While the metal and cement sculpture appearing outside of the Wellin is not what usually blooms during the Clinton summer, this is a typical undertaking by Elias Sime, the artist featured in the Wellin’s upcoming exhibition “Elias Sime: Tightrope.”
Sime’s piece titled Flowers & Roots, located on the Wellin’s Selch Terrace, depicts exposed roots, a pathway, an arch, and supersized peony petals. The sculpture is made out of bronze, cement, and repurposed technological elements like computer motherboards and electrical wire. Sime’s work is furthermore intended to complement the exhibition opening on September 7 at the Wellin, which spotlights his tableaus that have a similar mechanical composition.
Finished dimensions: 112" H x 204" W x 138" D
Medium: Wood, bronze, steel, cement, repurposed paper, wire, and circuit board
Sime and his collaborator Meskerem Assegued, are based in Ethiopia, Sime’s home country. Described by Johnson-Pote Director of the Wellin Museum Tracy Adler as a “world-class artist,” Sime brings not just an Ethiopian, but a global vision to Hamilton College. His work, which comprises themes of sustainability and technology working in step with nature, calls into question the pervasive, ever-changing role of technology. Sime’s presence at the Wellin will likewise help instill a sense of worldly and timely awareness within the Hamilton community.
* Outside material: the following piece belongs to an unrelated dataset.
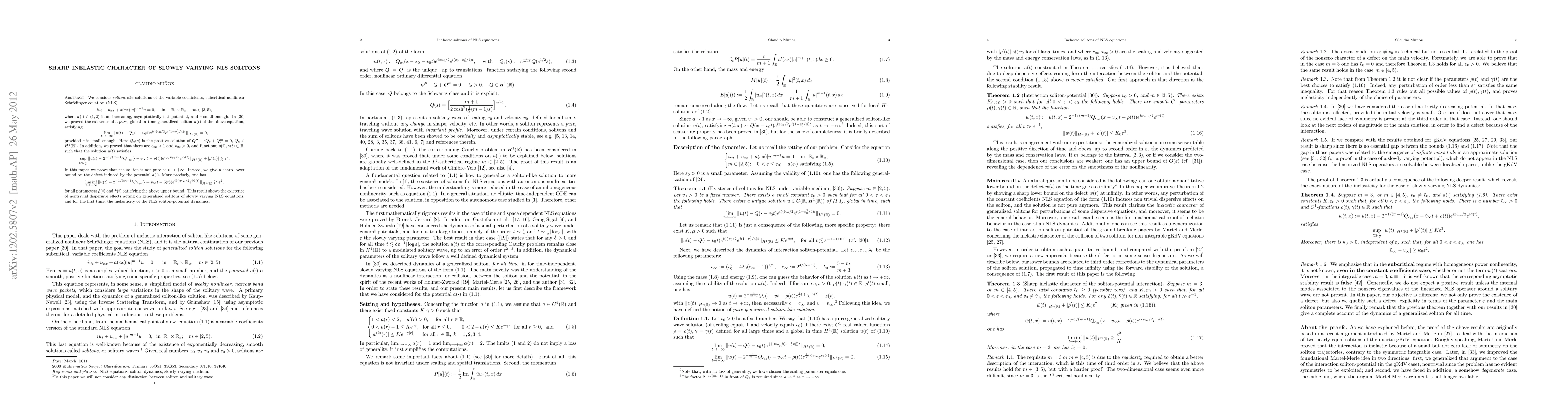 This paper proves that solitons in variable coefficients, subcritical nonlinear Schrödinger equations (NLS) exhibit a sharp inelastic character over time, demonstrating that they cannot remain pure as t approaches infinity. It provides a precise lower bound on the defect induced by the potential, revealing nontrivial dispersive effects on generalized solitons.

Though Sime’s pieces are globally relevant, his developing sculpture is designed with Hamilton in mind. Having visited the college last June, Sime and Assegued became inspired by A.P. Saunders’ peonies in the Root Glen, and they wanted to incorporate the flowers into the project. Adler noted that the peonies, themselves results of hybridization, reflect the subject of nature as similar to the manmade in its engineering, a theme that Sime addresses in his artwork. Working with the Wellin staff, Sime and Assegued spent about a year sketching out the sculpture and determining how to construct it.
Adler said that in addition to the honor that comes with hosting “an artist of [Sime’s] caliber,” she is excited to showcase artwork that “lends itself to a teaching museum.” Through bringing in philosophical themes of nature and technology, she hopes that visitors will engage with the museum in unexpected ways.
The sculpture, which is being constructed with the help of seven Hamilton students, also brings in an educational component through involving aspiring art professionals. Students assisting in the construction of the sculpture include Safa Ahmed ’21, Alexander Fergusson ’20, Olivia Fuller ’19, Elias Griffin ’20, Anika Huq ‘’19, Lila Reid ’20, and Henry Andrew Watson ’19.
“I’m always kind of surprised by how much I enjoy being in the space working on projects for them,” Alex Fergusson said. After spending the past two weeks gluing computer chips and making roots out of wire mesh under the instruction of Sime and Assegued, Fergusson felt like he had a better grasp on and enjoyment of creating art.
Olivia Fuller ’19 has been especially involved with the project, having spent additional time assessing the digital model of the sculpture and helping design the patterns that would eventually comprise the sculpture. “It’s the time of my life,” she said.
The Wellin’s Building Manager and Museum Preparator Chris Harrison, who is managing the project, said that there has been “a lot of respect and support” between the students and Sime and Assegued. He and Adler cited the opportunity for undergraduate students to work with such an esteemed artist as an incredibly fulfilling aspect of the project. In September, Sime and Assegued will continue their involvement with Hamilton students when they return to lead discussions about their work, and engage with classes for a week of programming at the Wellin.
The exhibition “Elias Sime: Tightrope,” curated by Adler, will be on view through Dec. 8 at the Wellin Museum.